Любил людей, хоть видел их насквозь.
Всех движет алчность, мелочность и злость -
Не суждено создать им мир блаженный твой.
Однажды, выйдя из своей норы,
Услышал гром ты, бурю из долин.
Считал, что это шум лесной грозы,
Им оказался смерч из атомных турбин...
ПРЕЛЮДИЯ КОНЦА
ПЕСНЬ ПЕРВАЯ
В болоте, слякоти и смрадном газе,
Из камня белого и на людской крови
Вознесся град антихриста на грязи,
Построен от отеческой любви.
Вода тут превращалась в твердь,
Лес становился барским садом,
Закон тайги здесь заменила плеть,
Но неподсудны были казнокрады.
Похоронив великого творца,
Все стены голыми оставили,
Все вывезли из дома и с крыльца,
Да за моря и реки переправили...
Тот град трепали люди и ветра,
Вода текла навстречу человеку,
А человек снимал святые образа,
Бросал в костер и стал душой калека.
Три раза кровь лилась на мостовые,
Три раза поднимался алый флаг.
И. в бой вели нас новые "святые",
Душу и личность заменил кулак.
Все долго верили в идеи Октября,
И песни гордые повсюду разносились...
Нас через двадцать лет судили сыновья,
Которыми когда-то мы гордились.
А остальные стройными рядами,
С улыбкой на лице, но с телом в синяках,
Несли вновь окровавленное знамя.
Лик нашего вождя внушал покой и страх...
Ценою страшною за все сполна
Наш град платил освободителю народов.
В счету были блокада и война,
Полк мертвецов тридцать седьмого года.
Через десятки лет проносят мимо
Богов в венках и в красочных гробах.
Шагают воины по площади лениво,
Несут портреты в пиджаках, при орденах.
Одни спасли страну - остались без могилы.

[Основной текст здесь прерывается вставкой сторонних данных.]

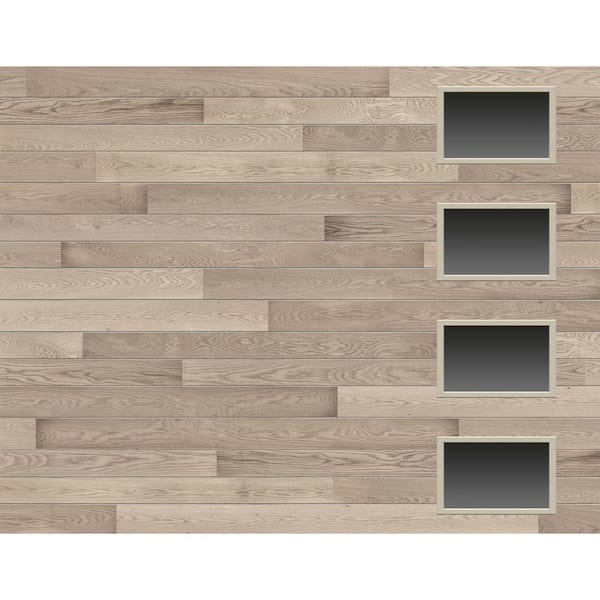 Modern Steel 9 ft. X 7 ft. 18.4 R-Value Insulated Wood Look Plank Coastal Gray Garage Door with Windows

Другим же вновь возводят мавзолей,
Они оставили после себя руины.
Так различаются патриций и плебей...
Здесь сотней труб взметнулись ввысь заводы,
Через залив мы проложили гать,
И сквозь гранит текли отравленные воды,
Труднее стало жить и умирать.
Пускай одни в грязи, зато другие
В больших квартирах, на коврах.
Сбирали подати со всей России,
Что таяла в людских лазурных снах.
От веры не осталось ничего.
Наш новый гений стал похож на прежних,
Он обещал, что будет свет, тепло.
Во многих вызвал смех, в иных - надежду.
Но разбудил доселе спавший дом,
И злость на мир наполнила умы.
Всего лишь спичку поднеси с огнем, -
Все люди встанут против власти тьмы.
ПЕСНЬ ВТОРАЯ
За городом, среди воды и леса
Воздвигнут металлический гигант.
Он силой обладал, подобно Зевсу,
Согреть мог города, расплавить бриллиант.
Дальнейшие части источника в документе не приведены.